Output the data below exactly as it is, dropping the pictures from your copy.

_Source material_
________________________

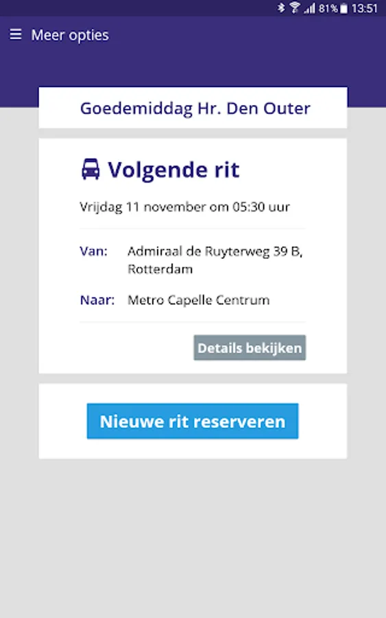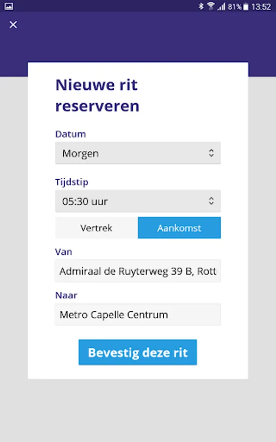 PW Transportation is a collective transport system for staff in and around Rotterdam, traveling outside the timetables of public transport. This service is offered and performed by the Rotterdam Mobility Centre (RMC). To make use of PW Transportation and this app, your employer must be affiliated with the RMC.
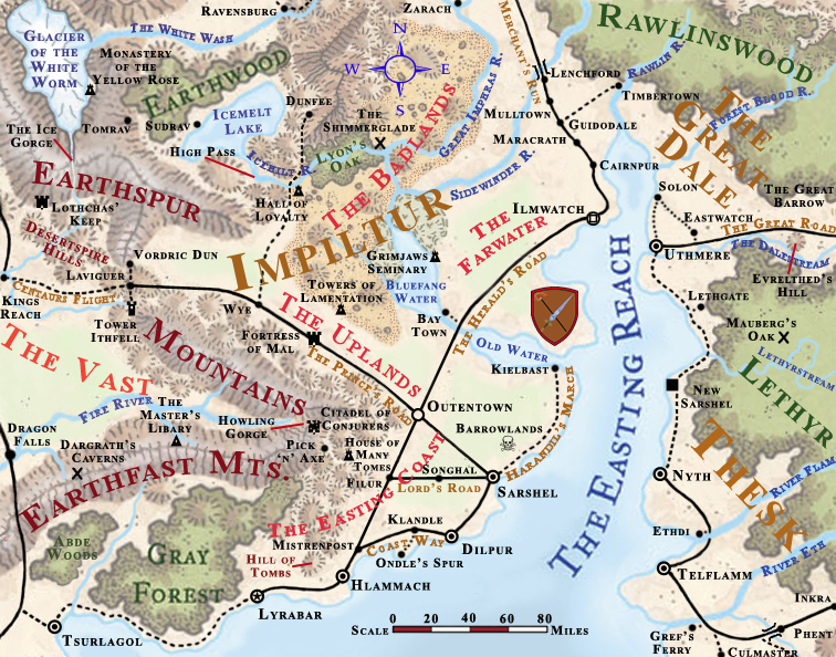 Earthspur Mountains: These tall peaks mark the western border of Impiltur, running from the Moonsea south to the Sea of Fallen Stars. A constant cold wind from the Glacier of the White Worm that tests at their center howls through the peaks. There are few trails and many monsters, but the Earthspurs are rich in gold, silver, and bloodstone. Mining communities survive here, although the dangers of the mountains contribute to a high mortality rate. Persistent rumors speak of a hidden pass leading from Impiltur west to the Vast, but no such route has ever been mapped.
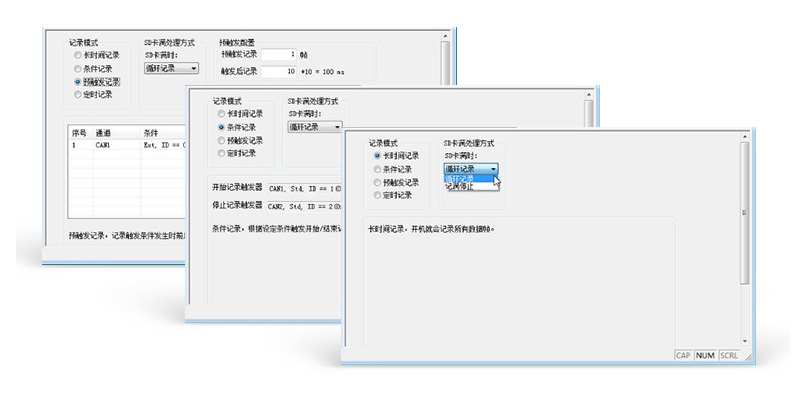 長(zhǎng)時(shí)間全部記錄中,大部分都是不關(guān)心的數(shù)據(jù),而浪費(fèi)存儲(chǔ)空間。預(yù)觸發(fā)模式可配置錯(cuò)誤幀觸發(fā)記錄,或者ID觸發(fā),并且能設(shè)置觸發(fā)前和觸發(fā)后記錄的數(shù)量。
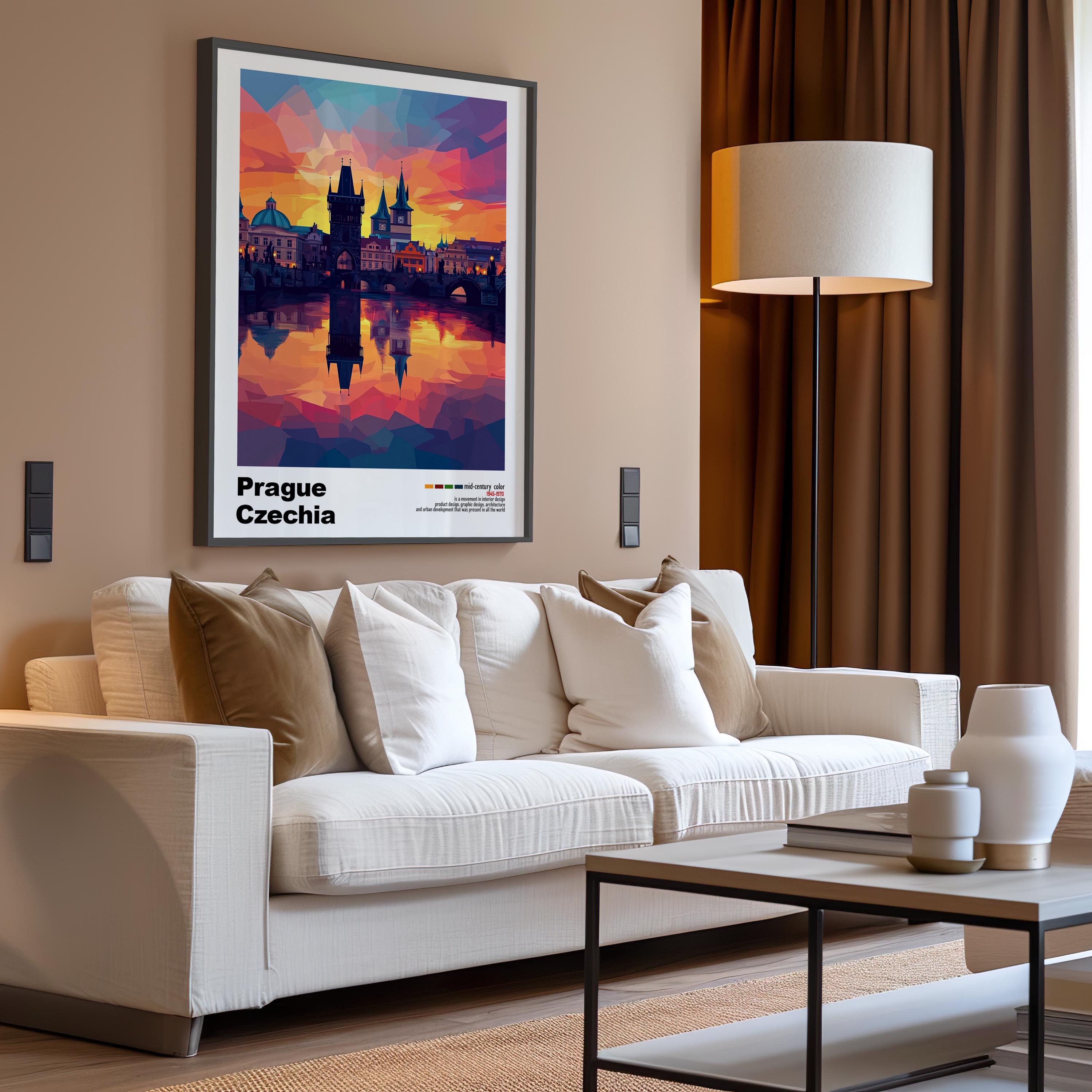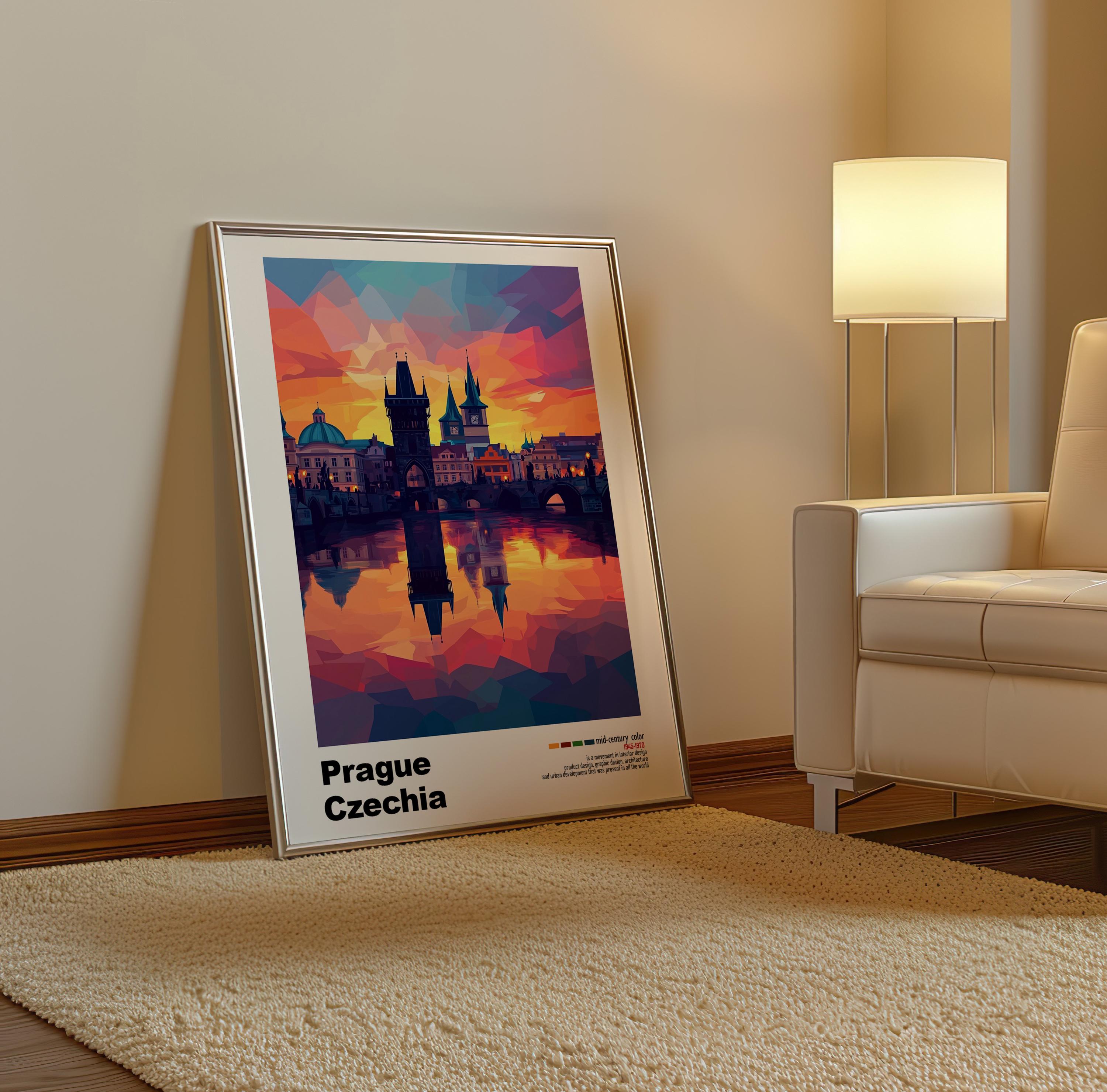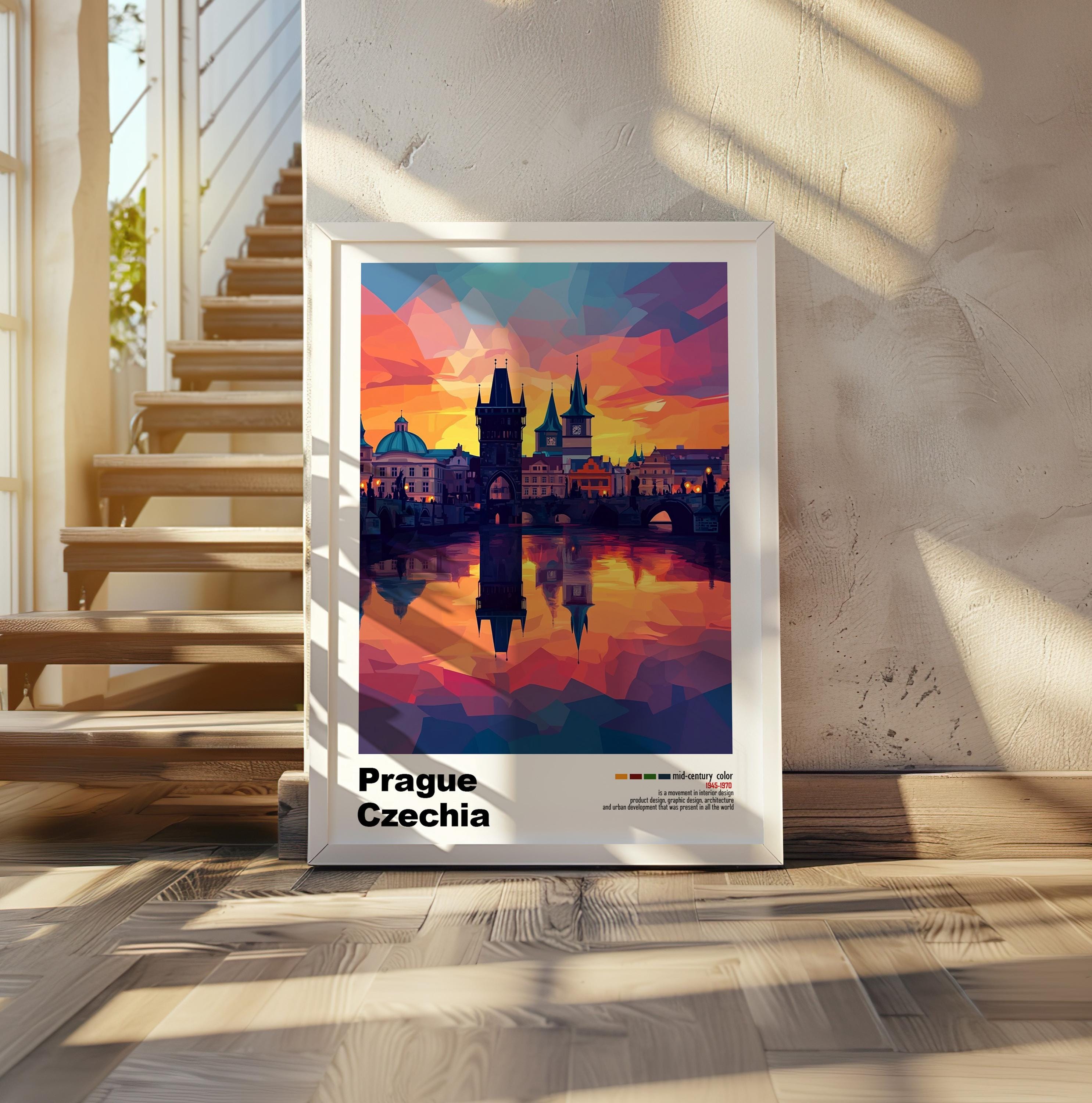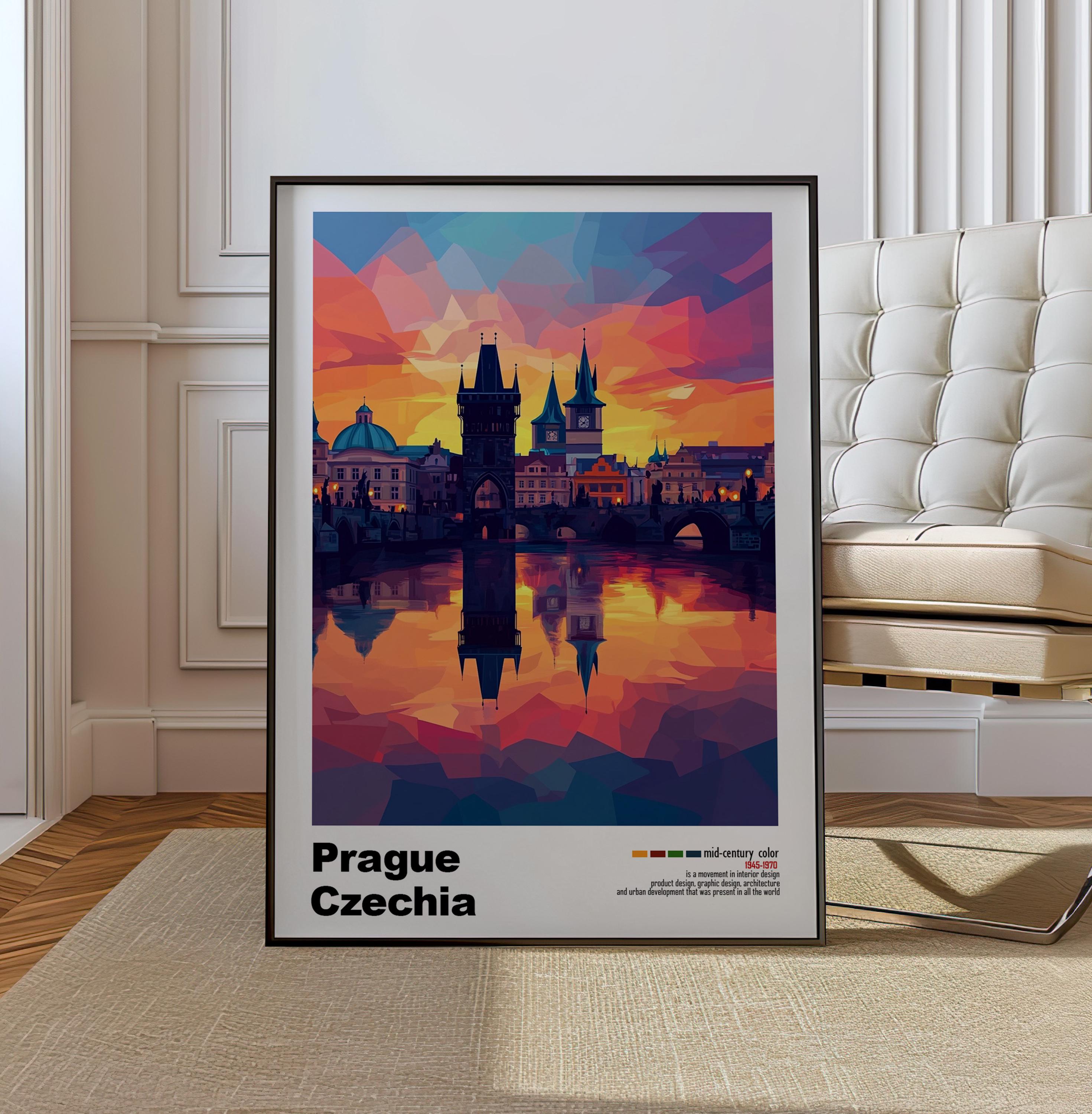 Prague, Czech Republic - Mid-Century Modern Architecture Art Print – Retro Minimalist City Poster with Geometric Design - Bold Mid Century

________________________

_Result for this exercise_
 PW Transportation is a collective transport system for staff in and around Rotterdam, traveling outside the timetables of public transport. This service is offered and performed by the Rotterdam Mobility Centre (RMC). To make use of PW Transportation and this app, your employer must be affiliated with the RMC.
 Earthspur Mountains: These tall peaks mark the western border of Impiltur, running from the Moonsea south to the Sea of Fallen Stars. A constant cold wind from the Glacier of the White Worm that tests at their center howls through the peaks. There are few trails and many monsters, but the Earthspurs are rich in gold, silver, and bloodstone. Mining communities survive here, although the dangers of the mountains contribute to a high mortality rate. Persistent rumors speak of a hidden pass leading from Impiltur west to the Vast, but no such route has ever been mapped.
 長(zhǎng)時(shí)間全部記錄中,大部分都是不關(guān)心的數(shù)據(jù),而浪費(fèi)存儲(chǔ)空間。預(yù)觸發(fā)模式可配置錯(cuò)誤幀觸發(fā)記錄,或者ID觸發(fā),并且能設(shè)置觸發(fā)前和觸發(fā)后記錄的數(shù)量。
 Prague, Czech Republic - Mid-Century Modern Architecture Art Print – Retro Minimalist City Poster with Geometric Design - Bold Mid Century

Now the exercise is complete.